— У меня душа не злая, — спорил Макар, но на белом до блеска потолке является синевато-чёрная муха, величиною с голубя, её прозрачные крылья трепещут, точно марево, и радужно играет тысяча глаз, — их так много на этой чёрной, раздвоенной голове, что, наверное, тысяча, вся голова из одних глаз; муха гудит, пухнет и обращается в маленького, седого священника: в яркой праздничней ризе он стоит на амвоне и говорит, умилённо улыбаясь:
— Сей день, его же сотвори господь, воистину великий день! Но — чем велик он?..
Кто-то огромный тихонько встал сзади него, подмигнул хитро большим жёлтым глазом без зрачка и со скрипом задёрнул завесу царских врат, и — всё пропало, вспыхнув чёрным, жгучим огнём.

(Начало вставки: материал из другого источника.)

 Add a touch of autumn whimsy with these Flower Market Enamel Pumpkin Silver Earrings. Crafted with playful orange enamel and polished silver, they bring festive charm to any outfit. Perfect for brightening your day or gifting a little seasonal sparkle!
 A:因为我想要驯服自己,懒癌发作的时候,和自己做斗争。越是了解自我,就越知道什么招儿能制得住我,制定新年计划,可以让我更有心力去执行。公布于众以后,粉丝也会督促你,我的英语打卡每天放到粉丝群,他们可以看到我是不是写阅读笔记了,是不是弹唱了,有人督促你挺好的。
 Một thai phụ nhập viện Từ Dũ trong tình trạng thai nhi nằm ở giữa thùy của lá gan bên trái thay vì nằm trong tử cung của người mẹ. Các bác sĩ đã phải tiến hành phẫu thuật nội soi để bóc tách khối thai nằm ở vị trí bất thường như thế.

Но тотчас же тьму прорвала река, через неё, взволнованную холодным ветром, гневно ощетинившуюся острыми волнами, покрытую белою пеною и водной мелкой пылью, ослепляющей глаза, стремительно плывёт множество детей, они взмахивают тонкими руками, отталкивая друг друга и волны; как мячи, прыгают над водою их головы, блестят синие испуганные глаза, все лица искажены страхом и мертвенно серы, кругло открытые рты пронзительно кричат, все дети на одно лицо, и Макар во всех видит, чувствует себя, он в ужасе разрывает руками волны, а над ними со свистом реют красные птицы, — ленивые, огромные, они сливаются в пламя пожара, и неба не видно над ними…

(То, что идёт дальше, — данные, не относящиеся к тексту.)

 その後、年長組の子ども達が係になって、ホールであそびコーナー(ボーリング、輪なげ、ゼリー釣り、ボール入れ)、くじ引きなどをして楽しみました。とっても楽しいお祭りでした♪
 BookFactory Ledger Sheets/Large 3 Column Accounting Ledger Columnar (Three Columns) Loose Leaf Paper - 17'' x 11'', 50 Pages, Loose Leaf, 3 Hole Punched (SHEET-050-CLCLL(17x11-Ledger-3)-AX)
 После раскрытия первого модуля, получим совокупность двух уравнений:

Из лесной опушки, по-осеннему разноцветно окрашенной, на зелёный луг, покрытый скупым дёрном и последними цветами, тихо выходят, точно по воздуху плывут, три молодые монашенки, все в чёрном, белолицые, они идут плечо в плечо и тихонько поют, чуть открывая красные, точно раны, рты:
О Спасе величный,
О сыне девичный, —
Вонми гласу люда,
Зовуща тебя, о Спасе!
Величный-и!..
— Вас обманули, — говорит Макар монахиням, сидя с ними в овраге, в густой заросли кустов, — обманули вас на всю жизнь…
— Милый братик, — отвечает одна из них, очень синеглазая, с пятнами яркого румянца на щеках, — решил господь предать человека в плен скорби вечной…
Другая, наклонив над Макаром белое, злое лицо, с тонкими губами, прохладно дышит в глаза ему, приказывая:
— Ну, не кричи, открой рот…
И вылила в рот и на грудь ему целое озеро горько-солёной воды, а потом переломилась надвое, и обе половинки ушли в стену, в круглое медное пятно на ней. Это пятно — как луна, и если долго смотреть в него — жёлтый блеск втягивает глаза в бездонную глубину свою, и — видно: жаркий, ослепительно солнечный день над пустынным полем, серая дорога режет поле, и на ней сидит, закрывая небо, огромная женщина; лицо её так высоко, что его не видно, она, как гора, вся чёрная и так же изрыта морщинами, — приподняв руками груди свои, большие, как холмы, она подаёт их кому-то и говорит ласково:
— Чтобы род и плод увеличился, и во имя духа святаго, сына пресвятыя богородицы, и на посрамление дьяволово…
Хлынул дождь, и пьяный остробородый человек в енотовой шубе закричал:
— Кто меня знает? Никто меня не знает! А мои стихи лучше Надсона…
Под забором, в крапиве, дёргаясь и жалобно мяукая, умирает ушибленная кем-то кошка, половина красного кирпича лежит рядом с нею, а на ветке качается ворона, косо, неодобрительно смотрит в глаза Макара и говорит, скучно упрекая:
— А вы всё ещё не прочитали «Наши разногласия» [28] и Циттеля, и Циттеля… [29]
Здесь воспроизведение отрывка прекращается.